## WORK INSTRUCTIONS
Only an exact repeat of the listing, without its images, counts as the answer.

## DATASET CONTENT
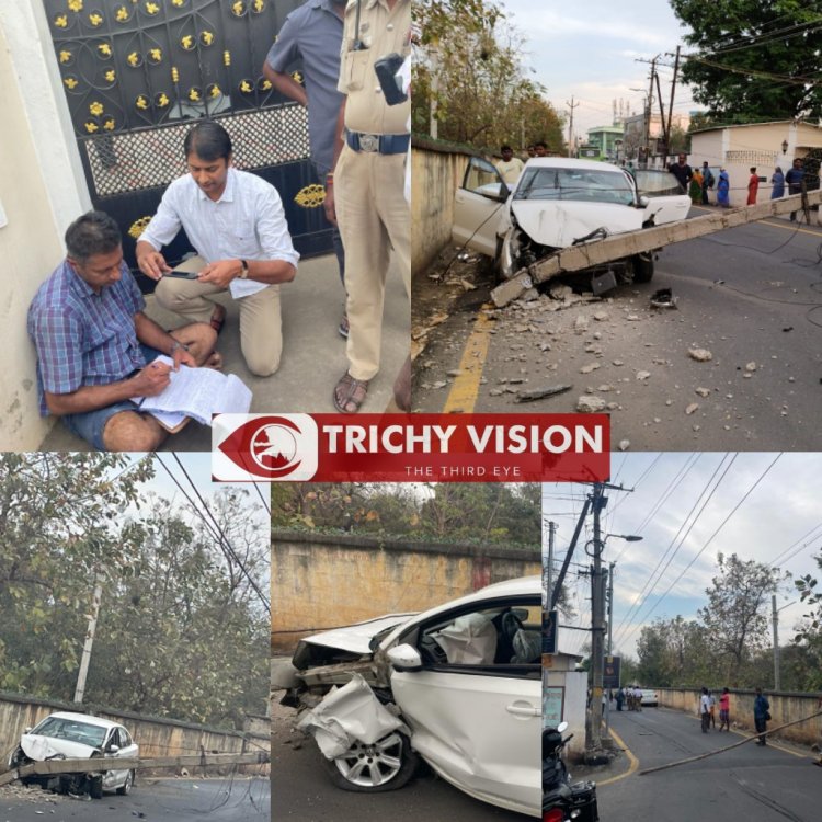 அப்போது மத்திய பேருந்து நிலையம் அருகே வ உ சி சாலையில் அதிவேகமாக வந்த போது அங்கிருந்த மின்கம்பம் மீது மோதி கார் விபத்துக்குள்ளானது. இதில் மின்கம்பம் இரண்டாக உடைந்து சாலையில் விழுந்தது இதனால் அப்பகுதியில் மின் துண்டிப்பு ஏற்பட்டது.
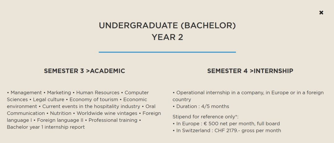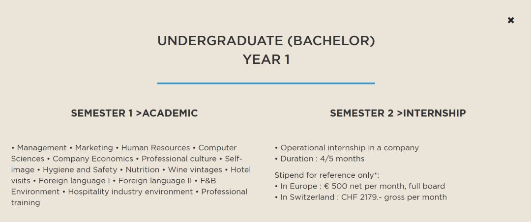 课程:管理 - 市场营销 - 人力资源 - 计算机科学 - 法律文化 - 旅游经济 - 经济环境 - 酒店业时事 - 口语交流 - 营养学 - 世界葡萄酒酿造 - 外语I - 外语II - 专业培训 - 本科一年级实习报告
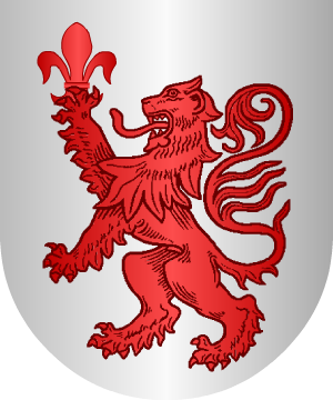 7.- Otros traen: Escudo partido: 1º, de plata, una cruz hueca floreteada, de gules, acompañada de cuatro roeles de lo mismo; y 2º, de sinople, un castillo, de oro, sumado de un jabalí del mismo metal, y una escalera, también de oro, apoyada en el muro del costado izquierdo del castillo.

## FINISHED EXERCISE
 அப்போது மத்திய பேருந்து நிலையம் அருகே வ உ சி சாலையில் அதிவேகமாக வந்த போது அங்கிருந்த மின்கம்பம் மீது மோதி கார் விபத்துக்குள்ளானது. இதில் மின்கம்பம் இரண்டாக உடைந்து சாலையில் விழுந்தது இதனால் அப்பகுதியில் மின் துண்டிப்பு ஏற்பட்டது.
 课程:管理 - 市场营销 - 人力资源 - 计算机科学 - 法律文化 - 旅游经济 - 经济环境 - 酒店业时事 - 口语交流 - 营养学 - 世界葡萄酒酿造 - 外语I - 外语II - 专业培训 - 本科一年级实习报告
 7.- Otros traen: Escudo partido: 1º, de plata, una cruz hueca floreteada, de gules, acompañada de cuatro roeles de lo mismo; y 2º, de sinople, un castillo, de oro, sumado de un jabalí del mismo metal, y una escalera, también de oro, apoyada en el muro del costado izquierdo del castillo.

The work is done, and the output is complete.